A major problem we had carrying out this study was that of patient exhaustion. It is difficult to separate memory function from other aspects of cognitive function. The nature of this particular study involved the recruitment of patients undergoing cardiac surgeryan operation notorious for impairing cognitive function for some time post operation.23 While other studies used subjects whose operations were sufficiently minor as to allow memory testing to proceed within hours of the conditioning phase, no patients in this study were adequately recovered from their surgery to complete the testing phase before 24 h had passed, and many took longer than this.
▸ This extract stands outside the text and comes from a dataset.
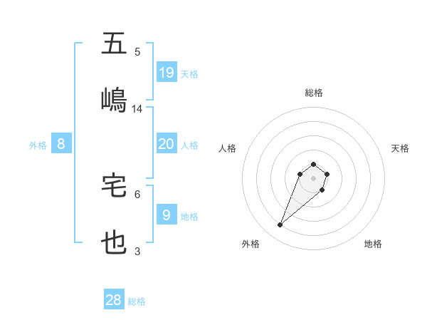 五嶋 宅也さんを姓名の画数から五運を鑑定
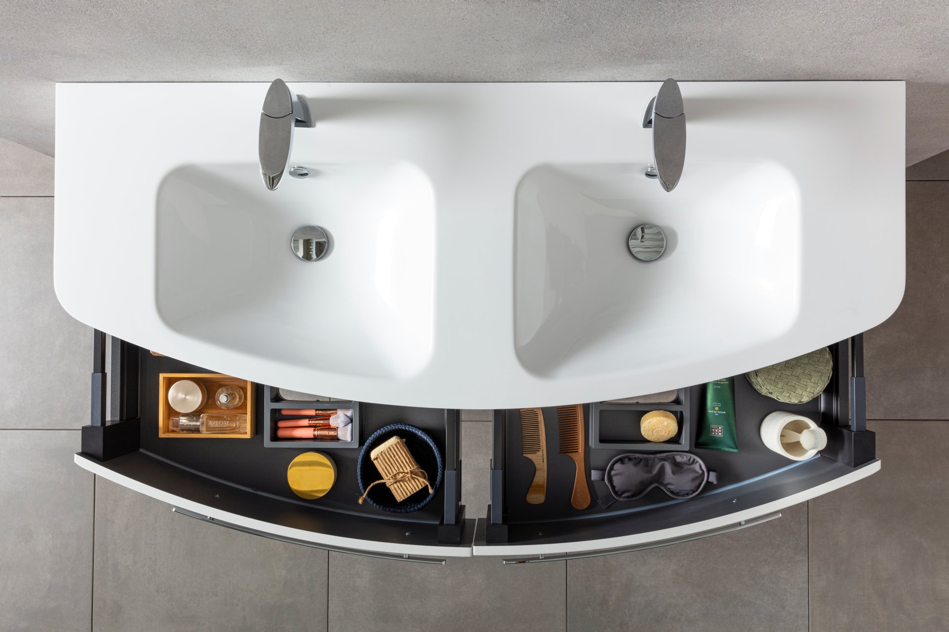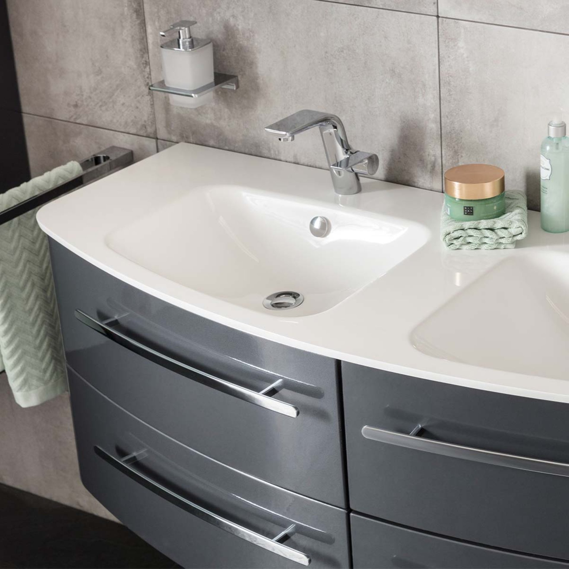 Aufgrund der asymmetrischen Form überzeugt die Badmöbel Serie CLASSICO von Lanzet durch ihr klassisches Design. Dein verfügbarer Platz im Badezimmer wird durch die geschwungene Formgestaltung perfekt ausgeschöpft. Das Dekor des 140 cm breiten Waschplatzes überzeugt mit der Trendfarbe Schwarz-Anthrazit, welche durch eine hochglänzende Front in Szene gesetzt wird. Vier Schubladen mit Einzugsdämpfern und chromglänzenden Griffen sind Teil Deines vormontierten Möbelstücks. Der dazugehörige Doppel-Waschtisch aus Mineralguss in Weiß ist wegen seiner glatten Oberfläche äußerst pflegeleicht und ein richtiger Hingucker. Der Doppelwaschtisch verfügt über Hahnlochbohrungen und integriertem Beckenüberlauf. Durch die verzerrte Positionierung der Becken entstehen links, rechts und mittig jeweils Ablageflächen. Hier findet Dein Seifenspender oder Kosmetikspiegel seinen perfekten Platz. Benötigst Du zusätzlichen Stauraum, kannst Du Dein 2-teiliges Badmöbel-Set Lanzet CLASSICO Badmöbel Set 2-teilig, Doppel-Waschtisch 140 cm breit, Anthrazit, Weiß auch mit dem passenden Spiegelschrank (Art. Nr. 7971912) ausstatten. Qualität Made in Germany! Mit viel Liebe zum Detail von fachkundigen Mitarbeitern entwickelt und hergestellt.

However, a previous study has shown that the length of interval between the conditioning and testing phases does not significantly affect memory performance3 and is therefore unlikely to have confounded the results.
An initial pilot survey was done of six non-patient (non-sedated) volunteers who completed (without prior conditioning) the 32 word-stems used in the PDP. The volunteers guess rate was higher than the patient group, with an average hit rate of about 20%, compared with 13% for distractor lists amongst the patients (because of a higher rate of passing and inappropriate responses). This suggests that cognitive impairment following cardiopulmonary bypass surgery, perhaps as a result of sleep fragmentation, or pain, may have detrimentally affected the patients ability to generate suitable words.
In conclusion, we found that explicit and implicit memory formation is abolished in patients after cardiac surgery who are under moderate to deep propofol sedation.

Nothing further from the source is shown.